- **EXERCISE BRIEF**:
For this exercise, reproduce the entries below exactly, but only from the line containing "Термопрокладка Thermal Grizzly" through the line containing "4NQO-induced ESCC tumors", both included.

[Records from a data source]
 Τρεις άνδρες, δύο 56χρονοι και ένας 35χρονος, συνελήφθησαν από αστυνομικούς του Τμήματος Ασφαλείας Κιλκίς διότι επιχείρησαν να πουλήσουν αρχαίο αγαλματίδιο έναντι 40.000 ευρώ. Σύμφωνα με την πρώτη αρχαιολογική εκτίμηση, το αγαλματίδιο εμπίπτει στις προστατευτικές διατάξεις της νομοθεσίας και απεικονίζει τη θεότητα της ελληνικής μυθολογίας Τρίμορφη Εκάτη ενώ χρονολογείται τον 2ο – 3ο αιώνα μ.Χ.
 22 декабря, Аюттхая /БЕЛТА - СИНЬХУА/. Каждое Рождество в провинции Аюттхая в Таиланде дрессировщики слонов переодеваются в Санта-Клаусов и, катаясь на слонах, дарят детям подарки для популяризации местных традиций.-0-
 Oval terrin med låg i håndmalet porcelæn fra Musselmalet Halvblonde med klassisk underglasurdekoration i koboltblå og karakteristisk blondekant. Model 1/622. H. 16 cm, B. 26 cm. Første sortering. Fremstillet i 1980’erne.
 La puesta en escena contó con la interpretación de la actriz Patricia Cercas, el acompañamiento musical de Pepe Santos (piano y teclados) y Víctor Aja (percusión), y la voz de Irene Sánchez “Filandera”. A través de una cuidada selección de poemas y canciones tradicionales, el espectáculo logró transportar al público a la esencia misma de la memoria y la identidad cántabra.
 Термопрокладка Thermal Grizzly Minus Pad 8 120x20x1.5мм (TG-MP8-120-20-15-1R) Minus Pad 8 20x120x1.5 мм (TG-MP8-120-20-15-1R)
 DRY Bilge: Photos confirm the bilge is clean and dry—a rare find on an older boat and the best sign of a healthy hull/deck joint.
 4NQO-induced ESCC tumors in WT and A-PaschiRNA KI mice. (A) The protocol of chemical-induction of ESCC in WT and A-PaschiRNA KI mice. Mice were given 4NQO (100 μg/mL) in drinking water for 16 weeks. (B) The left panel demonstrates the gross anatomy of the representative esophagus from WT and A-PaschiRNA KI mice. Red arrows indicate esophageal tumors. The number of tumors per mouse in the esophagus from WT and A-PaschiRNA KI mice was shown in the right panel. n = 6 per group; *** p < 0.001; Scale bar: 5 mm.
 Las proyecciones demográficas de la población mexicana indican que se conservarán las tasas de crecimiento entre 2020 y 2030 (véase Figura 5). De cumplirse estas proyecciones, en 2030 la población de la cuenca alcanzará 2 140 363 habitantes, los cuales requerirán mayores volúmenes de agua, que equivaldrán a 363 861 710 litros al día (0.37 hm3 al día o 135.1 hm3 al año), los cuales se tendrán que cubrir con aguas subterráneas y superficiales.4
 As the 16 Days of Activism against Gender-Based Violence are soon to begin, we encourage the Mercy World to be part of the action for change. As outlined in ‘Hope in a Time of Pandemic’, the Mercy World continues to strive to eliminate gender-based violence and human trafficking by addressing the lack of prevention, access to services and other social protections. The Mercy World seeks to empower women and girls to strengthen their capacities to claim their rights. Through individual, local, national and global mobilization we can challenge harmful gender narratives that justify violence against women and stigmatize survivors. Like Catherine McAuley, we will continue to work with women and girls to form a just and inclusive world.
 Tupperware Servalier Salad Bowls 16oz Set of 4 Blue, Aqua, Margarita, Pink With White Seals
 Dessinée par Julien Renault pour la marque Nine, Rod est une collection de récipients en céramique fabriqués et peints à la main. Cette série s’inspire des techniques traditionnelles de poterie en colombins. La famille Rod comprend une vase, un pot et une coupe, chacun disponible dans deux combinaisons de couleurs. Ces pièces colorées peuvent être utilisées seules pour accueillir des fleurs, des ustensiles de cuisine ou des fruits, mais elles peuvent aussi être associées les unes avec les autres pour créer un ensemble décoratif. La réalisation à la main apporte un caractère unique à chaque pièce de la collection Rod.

- **ANSWER SPACE**:
 Термопрокладка Thermal Grizzly Minus Pad 8 120x20x1.5мм (TG-MP8-120-20-15-1R) Minus Pad 8 20x120x1.5 мм (TG-MP8-120-20-15-1R)
 DRY Bilge: Photos confirm the bilge is clean and dry—a rare find on an older boat and the best sign of a healthy hull/deck joint.
 4NQO-induced ESCC tumors in WT and A-PaschiRNA KI mice. (A) The protocol of chemical-induction of ESCC in WT and A-PaschiRNA KI mice. Mice were given 4NQO (100 μg/mL) in drinking water for 16 weeks. (B) The left panel demonstrates the gross anatomy of the representative esophagus from WT and A-PaschiRNA KI mice. Red arrows indicate esophageal tumors. The number of tumors per mouse in the esophagus from WT and A-PaschiRNA KI mice was shown in the right panel. n = 6 per group; *** p < 0.001; Scale bar: 5 mm.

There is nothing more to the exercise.